OpenAI Wants to Go Public. First Sarah Friar Needs to Get It to Grow Up. -- WSJ

Dow Jones09:00

By Berber Jin and Corrie Driebusch

After a dizzying summer of deals, Sam Altman came to work one day last fall, ready to show just how confident he was in OpenAI's future. In a livestream broadcast to the public from the startup's unmarked San Francisco offices in October, he showed a black-and-white slide with a number he said represented OpenAI's financial obligations for new computing capacity: $1.4 trillion.

The giant number spread like wildfire across the investment world -- and not in a good way. OpenAI was set to generate $13 billion in revenue that year. So everyone was asking the same question: how on earth was the company going to pay for it?

For Sarah Friar, OpenAI's chief financial officer, it was time to clear up the confusion. A veteran CFO who had spent more than a decade at Goldman Sachs, she had been brought into the startup to give it the financial maturity needed to go public.

In the ensuing months, she privately walked back his comments. The company actually planned to spend a much smaller amount, she told investors: $600 billion through 2030. More recently, she has questioned the wisdom of spending even more money on data centers, at times putting her at odds with her freewheeling boss.

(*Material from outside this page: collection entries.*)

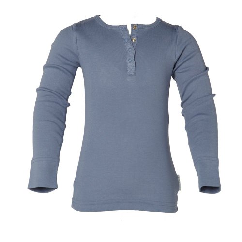 Mini A Ture Mico Slate Blue Fitted Cotton Long Sleeved T-Shirt Top with Popper Buttons at Neck. 100% Cotton.
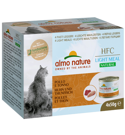 HFC Light Meal 50g 是每次 70g 份量“太多”時提供給貓的“迷你餐”,會被浪費。所有原本適合人類食用的 HFC 成分的質量,現在也為“小貓”創造了食物。 “食客”,對於要求最苛刻的人,他們喜歡白天各種口味,但也適合那些獸醫要求必須少吃的人。HFC Light 系列的 Almo Nature 想要選擇 6 種您的貓最喜歡的食譜,並以一種簡化的格式。方便的 4 個 50 克罐裝包裝。
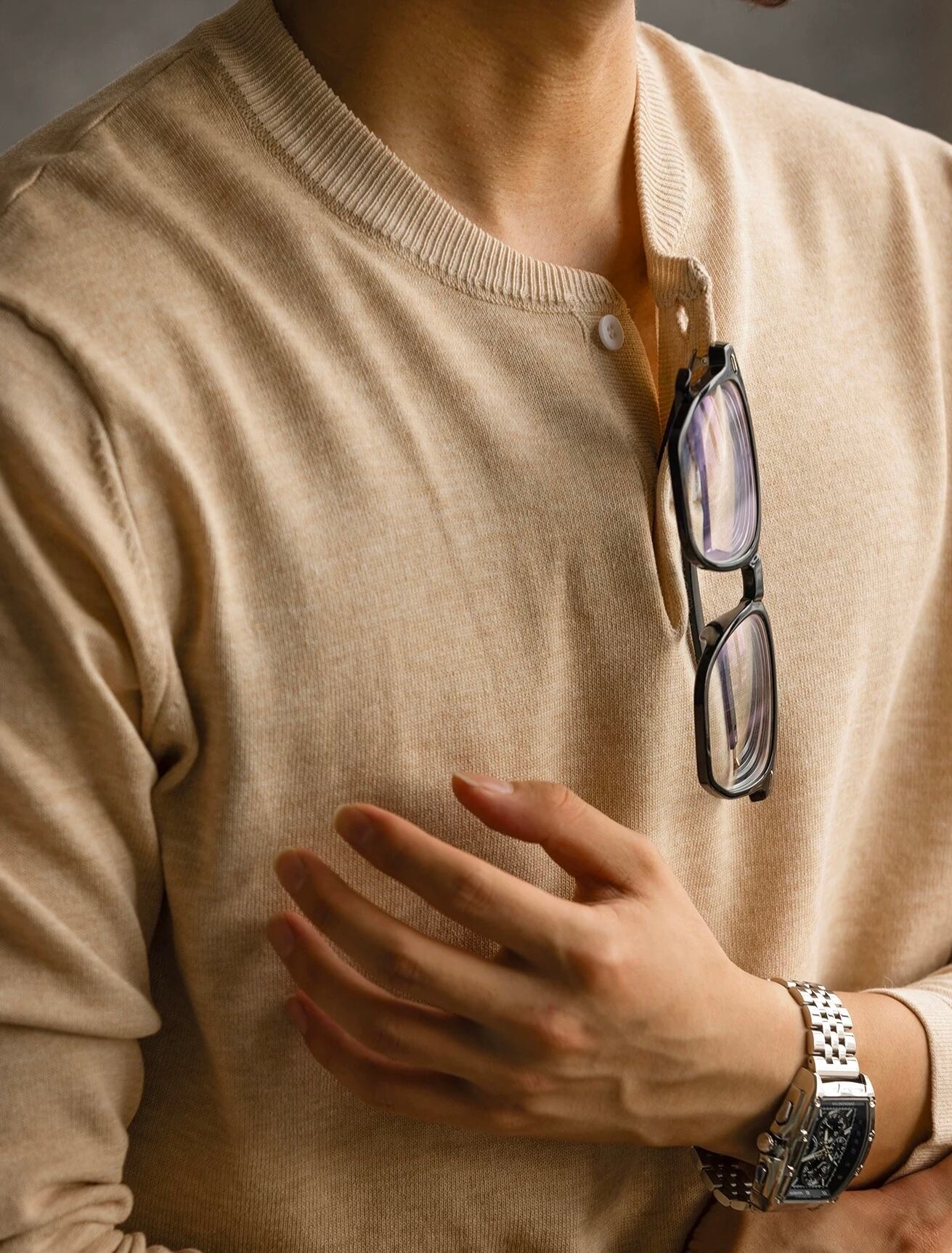 リネン混ヘンリーネックセーター【3色展開】

Like any corporate CFO, Friar must translate her CEO's grandest ambitions into something the company can actually afford -- and know the right time to say no. She follows a line of women in Silicon Valley asked to tame the wilder impulses of companies -- or their younger male founders. Google brought in Ruth Porat after going public to control costs and add discipline to what had become freewheeling spending on moonshots. Mark Zuckerberg got Sheryl Sandberg at Facebook, and Elon Musk has Gwynne Shotwell at SpaceX.

There was Friar herself at Square in 2012, where she became Jack Dorsey's second-in-command, helping steer the payments startup through a turbulent public offering more than a decade ago. When she announced her departure in 2018, Square's stock sank by over 10% -- a sign of just how important investors came to see her role at the company.

It falls to Friar to pull off what is envisioned as one of the biggest IPOs ever -- at the exact moment when OpenAI's growth has slowed relative to rivals.

Executives from OpenAI have spoken with stock exchange officials about potential IPO plans, according to people familiar with the matter, but haven't yet kicked off a formal process.

IPOs are always unpredictable, but even more so when the company is in a race to develop world-changing technology, where the winner changes week to week and investor sentiment shifts just as fast.

OpenAI recently missed multiple internal revenue and user targets after facing ferocious competition from its two biggest rivals, Google and Anthropic. The losing streak has rattled executives and employees, some of whom have peppered all-hands meetings with anxious questions about the company's future.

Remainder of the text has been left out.